Berichte der Deutschen Chemischen Gesellschaft
- Discipline: Chemistry
- Language: German

Publication details
- History: 1868 to 1945
- Publisher: Deutsche Chemische Gesellschaft (Germany)

Standard abbreviations
- ISO 4: Ber. Dtsch. Chem. Ges.

Indexing
- CODEN: BDCGAS
- ISSN: 0365-9496

= Chemische Berichte =

Chemische Berichte (usually abbreviated as Ber. or Chem. Ber.) was a German-language scientific journal of all disciplines of chemistry founded in 1868. It was one of the oldest scientific journals in chemistry, until it merged with Recueil des Travaux Chimiques des Pays-Bas to form Chemische Berichte/Recueil in 1997. Chemische Berichte/Recueil was then merged with other European journals in 1998 to form European Journal of Inorganic Chemistry.

==History==
Founded in 1868 as Berichte der Deutschen Chemischen Gesellschaft (CODEN BDCGAS), it operated under this title until 1928 (Vol. 61). The journal was then split into:
- Berichte der Deutschen Chemischen Gesellschaft, A: Vereins-Nachrichten (CODEN BDCAAS), and
- Berichte der Deutschen Chemischen Gesellschaft, B: Abhandlungen (CODEN BDCBAD).
Vol. 78 and 79 (1945–1946) were omitted and not published due to World War II. The journal was renamed Chemische Berichte (CODEN CHBEAM) in 1947 (Vol. 80) until 1996 (Vol. 129).

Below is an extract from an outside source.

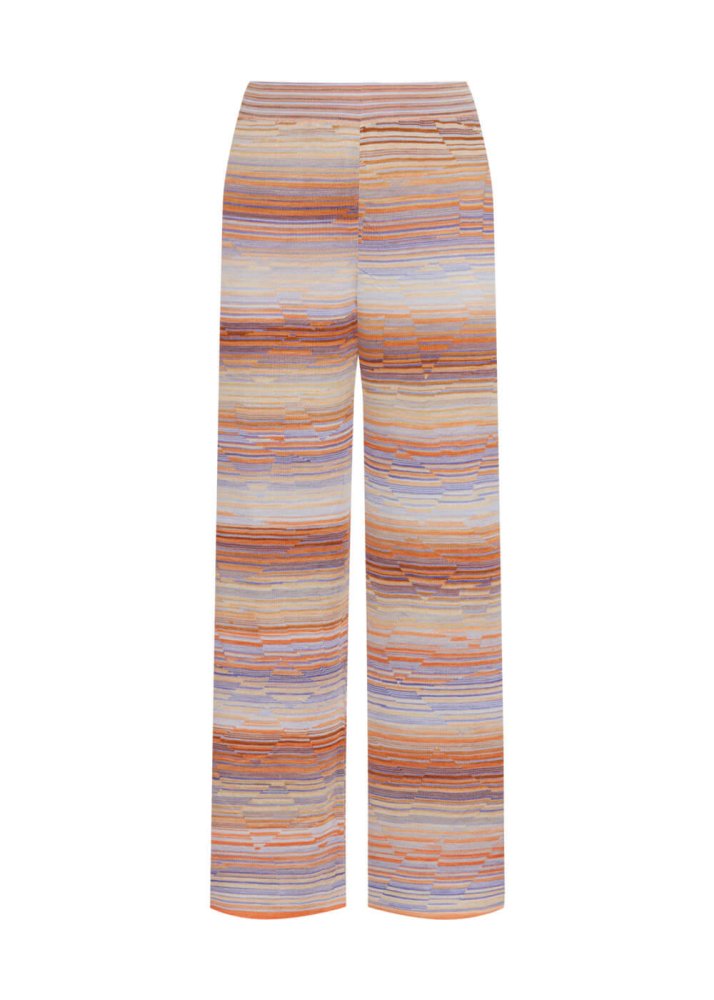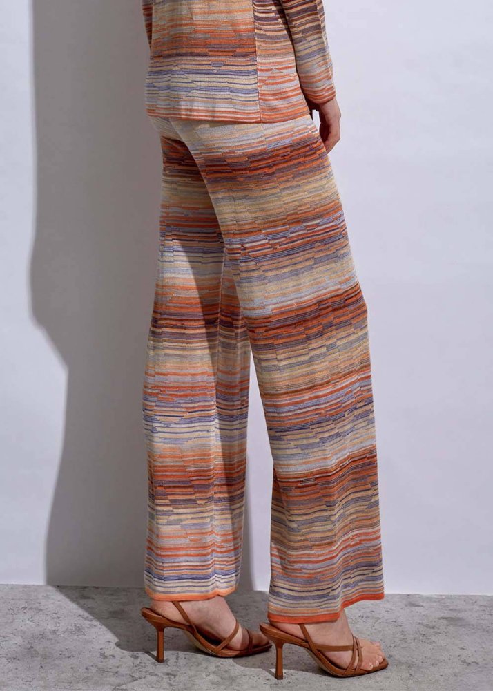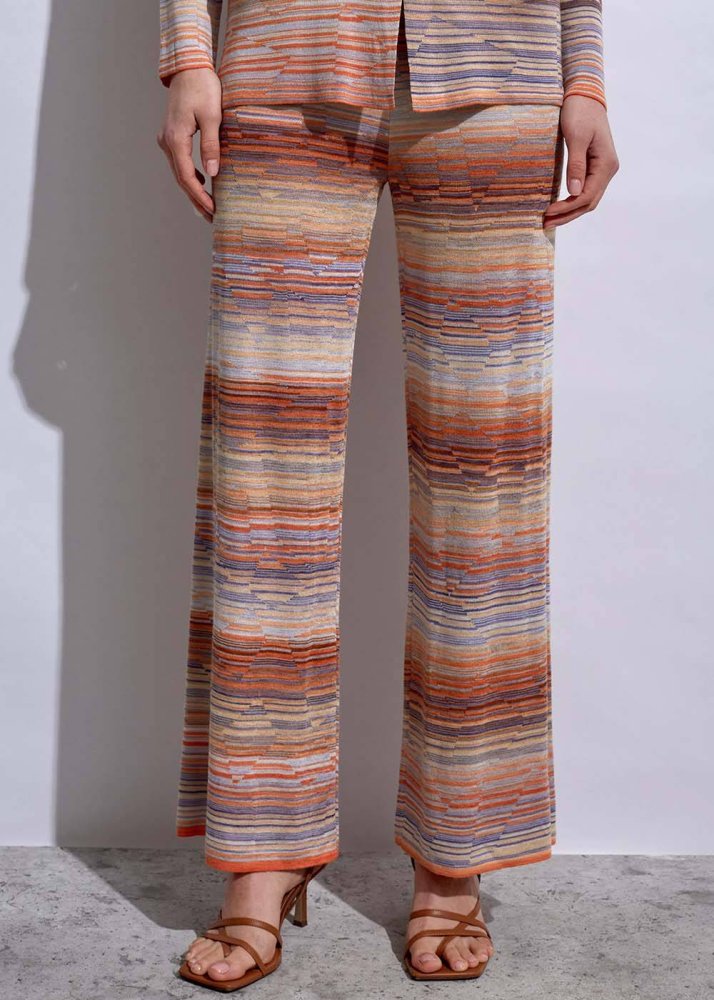 Degrade renk deseniyle kombinlerinize enerji katacak lila triko pantolon için yazlık gardırobunuzda yer açın. Belden lastik detayı ile konforlu bir giyim deneyimi sunan kadın triko pantolon modeli, çevreye duyarlı Knitss kadınları için FSC sertifikalı elyaflardan örülmüştür.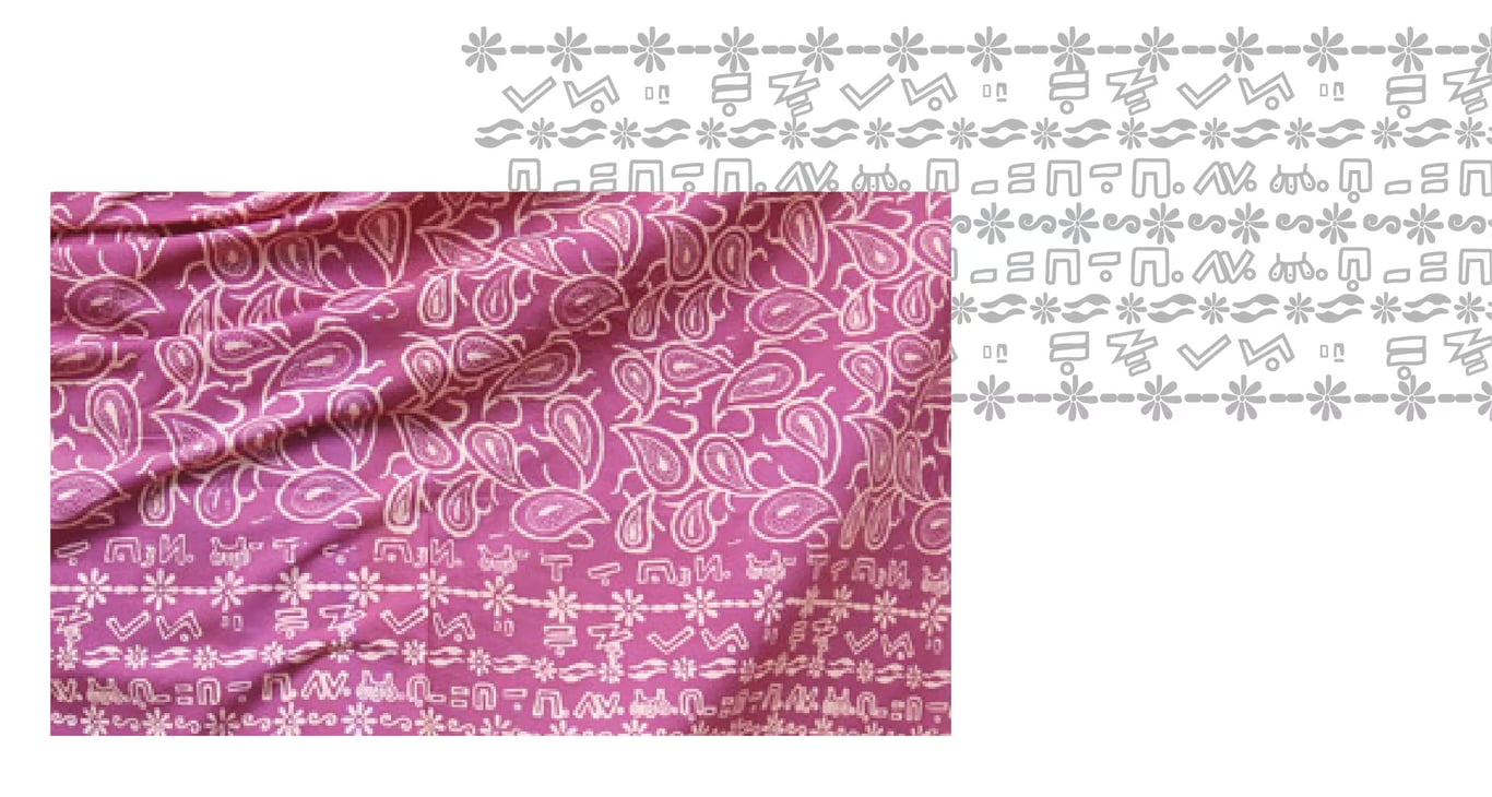 Batik Incung uses elements from the Incung script, an ancient written language found exclusively in central Sumatra. This centuries-old script can still be found inscribed on buffalo horn, bamboo, bark, and palm leaves preserved as heirlooms by the community. The colors used in this type of batik tend to be dark in color, typically deep reds and blacks.

In 1997, Chemische Berichte and Liebigs Annalen were merged with the Dutch journal Recueil des Travaux Chimiques des Pays-Bas to form Chemische Berichte/Recueil (CODEN CHBRFW) and Liebigs Annalen/Recueil (CODEN LIARFV).

In 1998, Chemische Berichte/Recueil merged with other European journals to form European Journal of Inorganic Chemistry, while Liebigs Annalen/Recueil and other European journals were merged to form European Journal of Organic Chemistry.